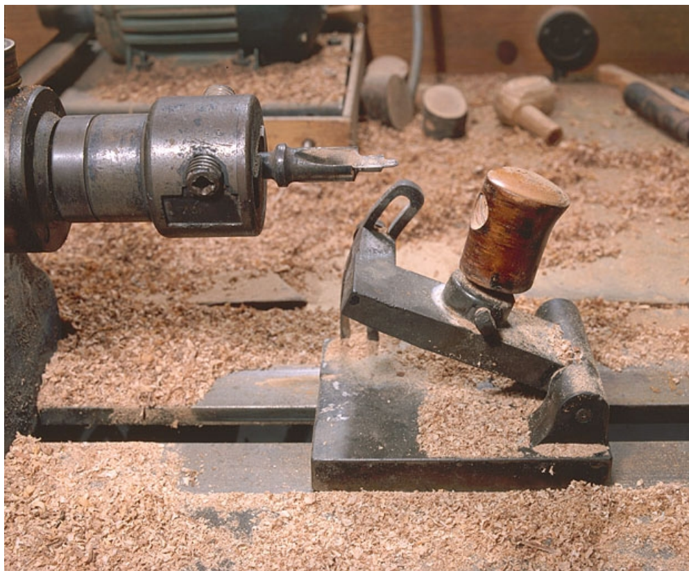
La cuillère et lui, faisant face, le fourneau à usiner sur son chariot mobile.

25, Baume-les-Dames rue des Pipes, lieudit : Gondé
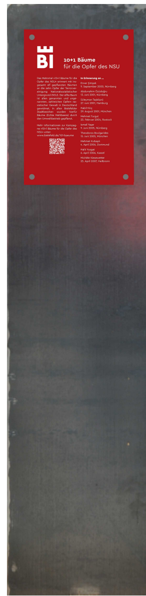
Darstellung Stele mit Text
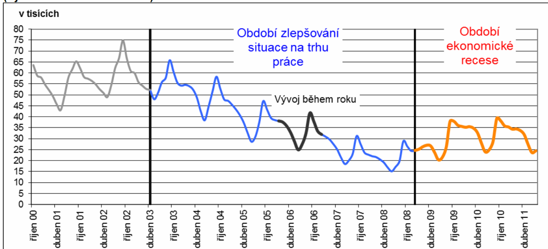
Obrázek 2.1 Vývoj počtu nezaměstnaných absolventů škol a mladistvých (říjen 2000–červenec 2011)
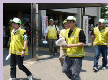
夏季特別街頭補導
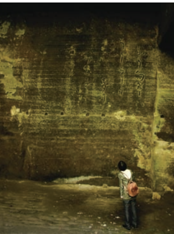
池子石の石切場跡の俳句が刻まれた壁面。
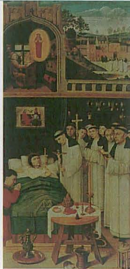
S. Jerónimo revela a Agostinho a glória celeste. Em baixo: morte de Agostinho. The National Gallery of Ireland, Dublin.

memória. E aí, no mais alto pináculo desta memória interior – apex mentis –, sobretudo aí, soube não se bastar a si mesmo. É então que a memória é iluminada na sua pobreza ontológica e, como faísca, dá-se o ressalto de consciência. Descobre enfim o que, ignotamente, sempre fora: um desejo ontológico de Deus, uma relação com a eternidade, uma memória metafísica, ontológica, onde ficou impressa a marca do Criador. «Tarde te amei, beleza tão antiga e tão nova, tarde te amei! E eis que estavas dentro de mim e eu fora, e aí te procurava, e eu, sem beleza, precipitava-me nessas coisas belas que tu fizeste. Tu estavas comigo e eu não estava contigo. Retinham-me longe de ti aquelas coisas que não seriam, se em ti não fossem. Chamaste, e clamaste, e rompestes a minha surdez; brilhaste, cintilaste, e afastaste a minha cegueira; exalaste o teu perfume, e eu respirei e suspiro por ti; saboreei-te, e tenho fome e sede; tocaste-me, e inflamei-me no desejo da tua paz.» ( Confissões , X, xxvii, 38).
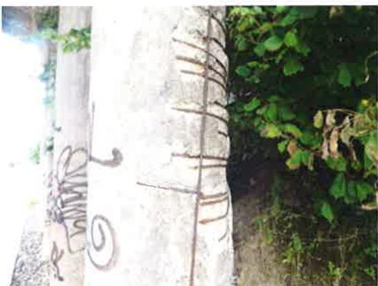
Detail separace krycí vrstvy a koroze příčné výztuže krajní levé stojky pilíře P2.
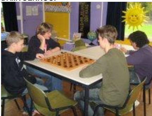
de finale van het 1 e damtoernooi
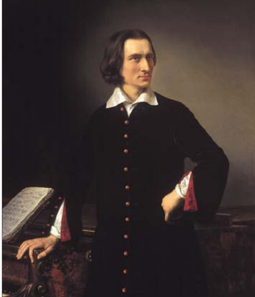
Portrait de Ferenc Liszt (1811-1886), pianiste virtuose et compositeur célèbre, par Miklós Barabás (1840-1898)
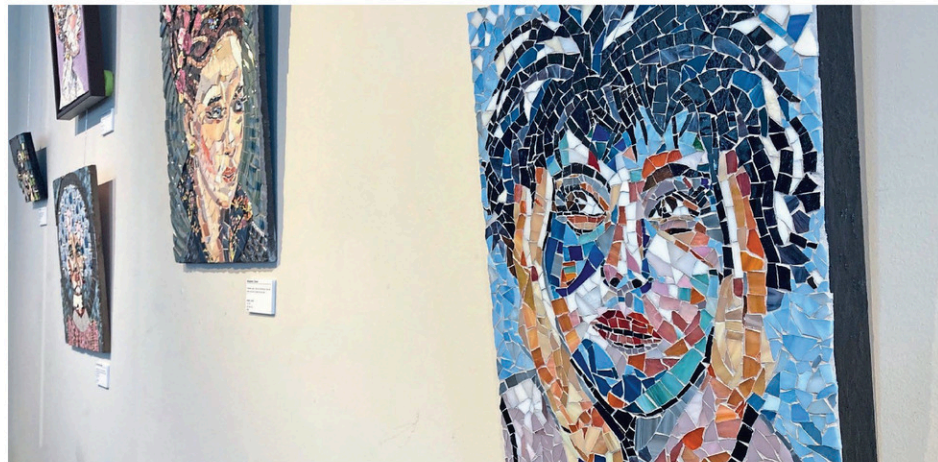
Une vingtaine d'œuvres sont exposées dans l'exposition « Mosaïque picassiette ».

L'exposition Mosaïque picassiette est présentée à l'Espace-Galerie EMA (802, rue des Ursulines) jusqu'au 28 mai.
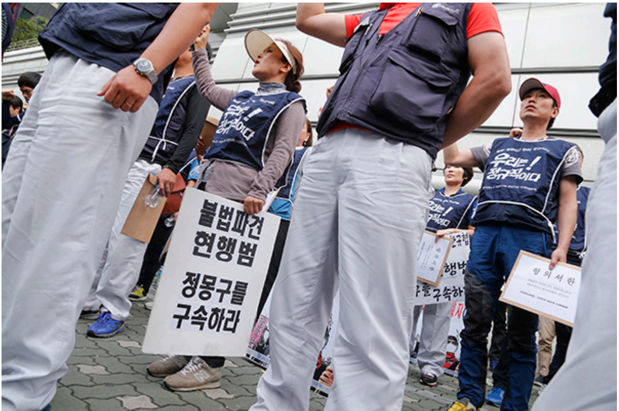
▲ © 변백선 기자

문화제 참가자들이 모든 프로그램을 마친 후 촛불로 '승리' 글씨를 만들고 있다. © 변백선 기자
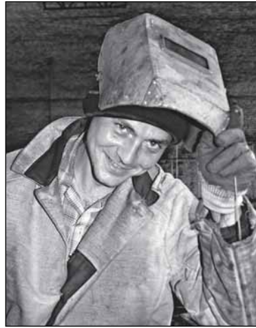
Ты телезритель? Береги глаза!
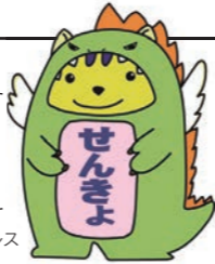
めいすいサウルス

みんなで投票。あなたの一票大切に! 今回の選挙から、選挙権年齢が 「満18歳以上」となります。

### What is needed:
Tally the lines of the material above that include the word "picassiette", then state that tally alone.

### Answer box:
2